* [Activity]: Only the lines from the one with "L'étage comprend 2" to the end of the data below should be given again, exactly, with both ends included and pictures omitted.

* [Data section]:
- - - - -
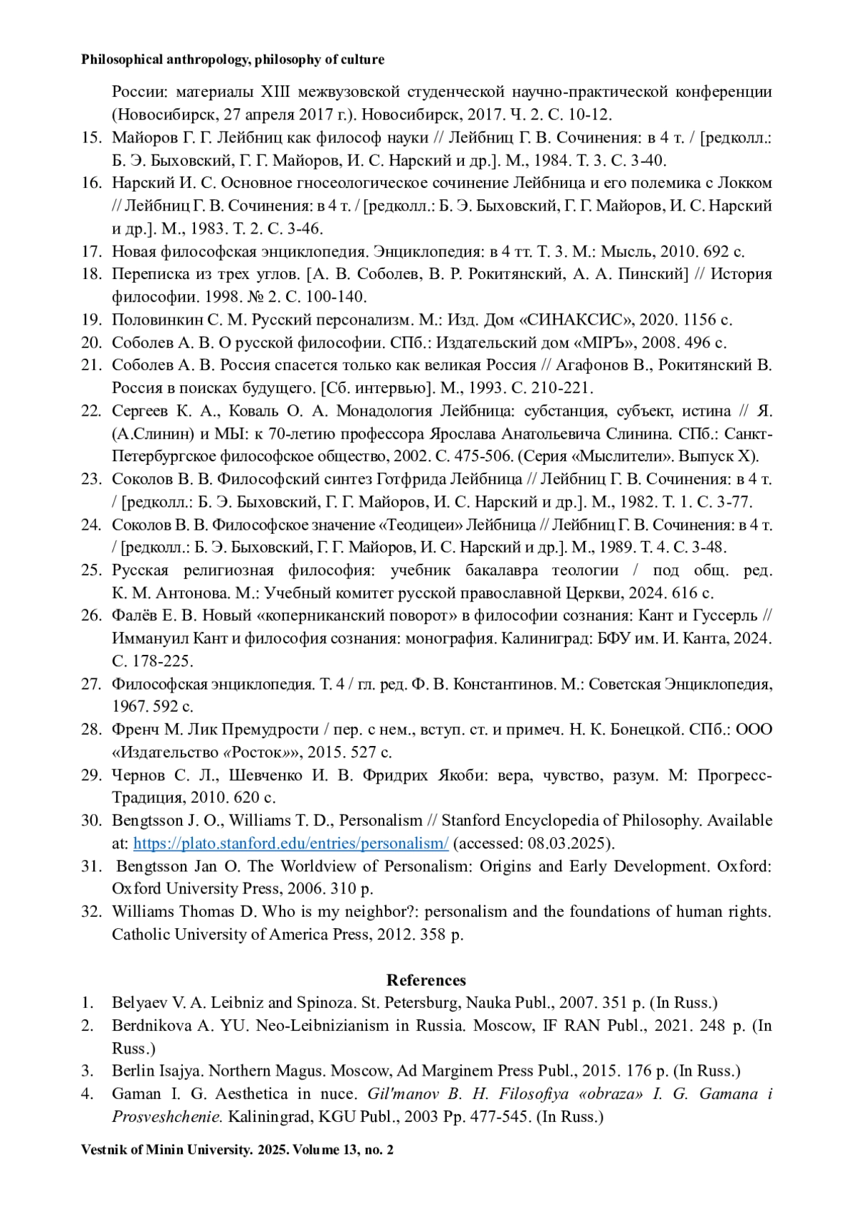 30. Bengtsson J. O., Williams T. D., Personalism // Stanford Encyclopedia of Philosophy. Available at: https://plato.stanford.edu/entries/personalism (accessed: 08.03.2025).
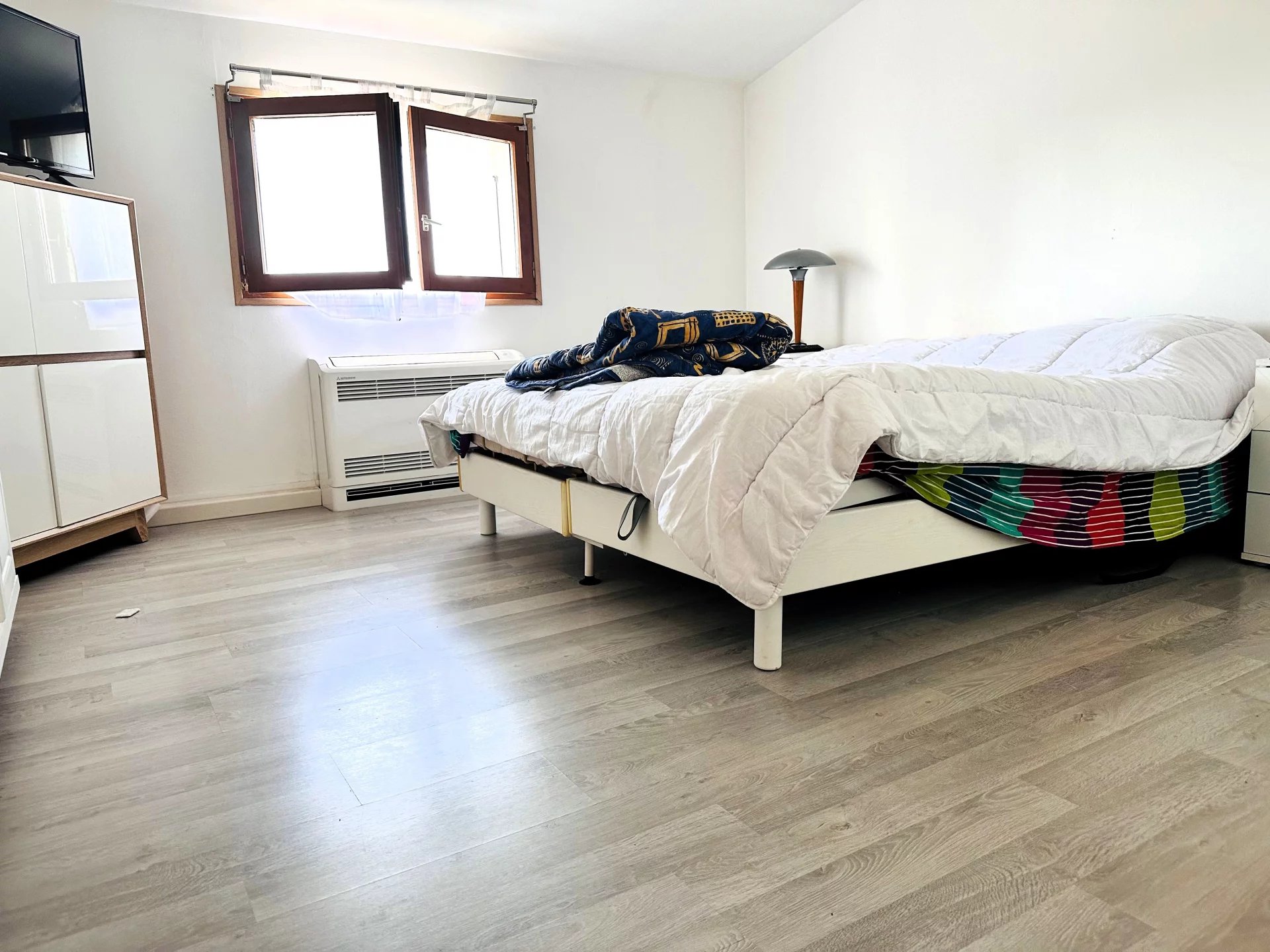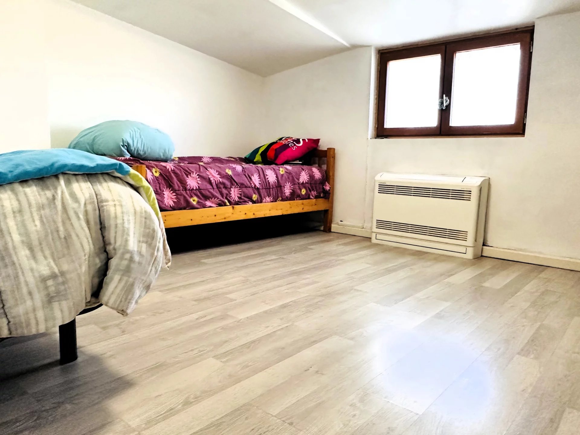 L'étage comprend 2 chambres et un espace bureau, une salle d'eau et des WC séparés.
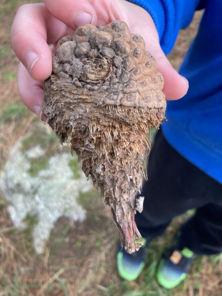 “I’m putting this pine cone under the mushroom to keep it dry.”
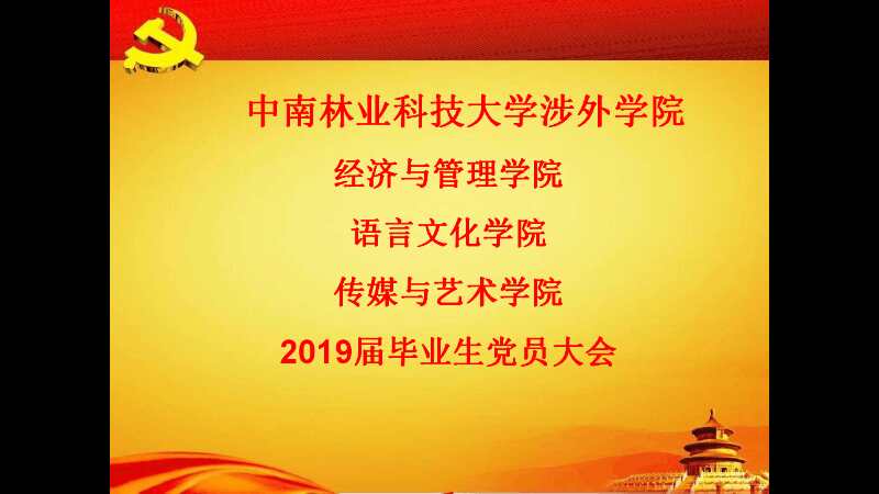 首先,由主持人介绍到场领导,中南林业科技大学涉外学院副院长盛均全、经济与管理学院党总支书记周迪、语言文化学院党总支副书记雷茜以及毕业生辅导员们到场参加了此次大会。
- - - - -
* [Output for this task]:
 L'étage comprend 2 chambres et un espace bureau, une salle d'eau et des WC séparés.
 “I’m putting this pine cone under the mushroom to keep it dry.”
 首先,由主持人介绍到场领导,中南林业科技大学涉外学院副院长盛均全、经济与管理学院党总支书记周迪、语言文化学院党总支副书记雷茜以及毕业生辅导员们到场参加了此次大会。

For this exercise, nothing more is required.